- First-look poster
- Directed by: Anup Bhandari
- Written by: Anup Bhandari
- Produced by: K. Niranjan Reddy Chaitanya Reddy
- Starring: Sudeepa
- Production company: Primeshow Entertainment
- Country: India
- Language: Kannada

= Billa Ranga Baasha =

Upcoming Kannada film by Anup Bhandari

Billa Ranga Baasha (abbreviated as BRB) is an upcoming Indian Kannada-language science fiction action film written and directed by Anup Bhandari, starring Sudeepa. The film is produced by K. Niranjan Reddy and Chaitanya Reddy under Primeshow Entertainment. The film is set in a post-apocalyptic world in 2209 AD.

== Cast ==
- Sudeepa

== Production ==
=== Development ===
The film was announced in December 2018 as a collaboration between actor Sudeep and director Anup Bhandari. The project was subsequently delayed during development. Bhandari later directed Vikrant Rona (2022), which starred Sudeep.

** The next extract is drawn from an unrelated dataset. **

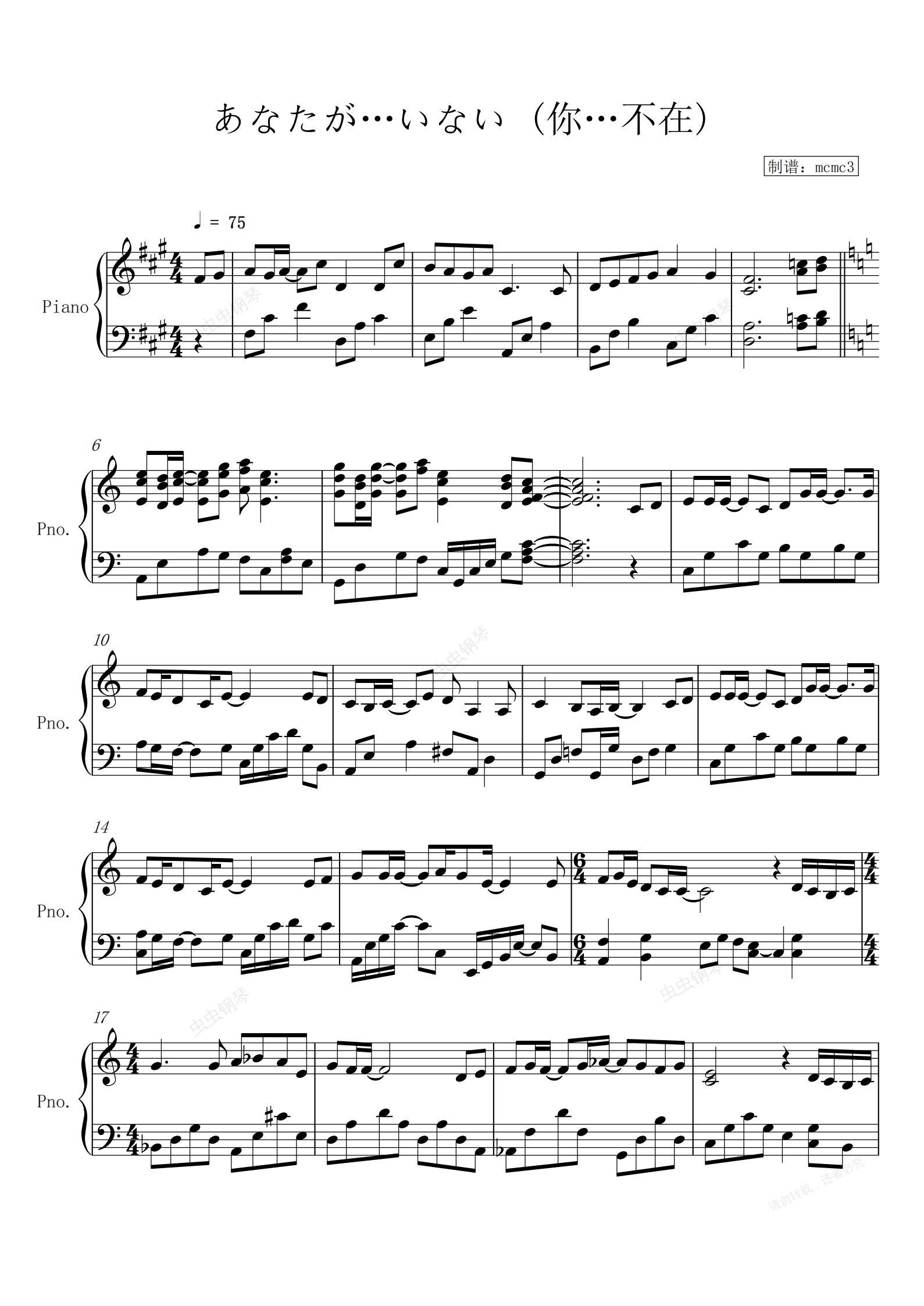 钢琴谱:【日在校园】あなたが…いない (你…不在)——school days

In September 2024, the project was announced with concept material, with Primeshow Entertainment attached as the production company. K. Niranjan Reddy and Chaitanya Reddy were announced as producers.

=== Filming ===
Principal photography began in April 2025. The initial schedule lasted 20 days before production was paused.

In June 2026, Sudeep announced that production would resume later that month. Filming resumed on 26 June 2026.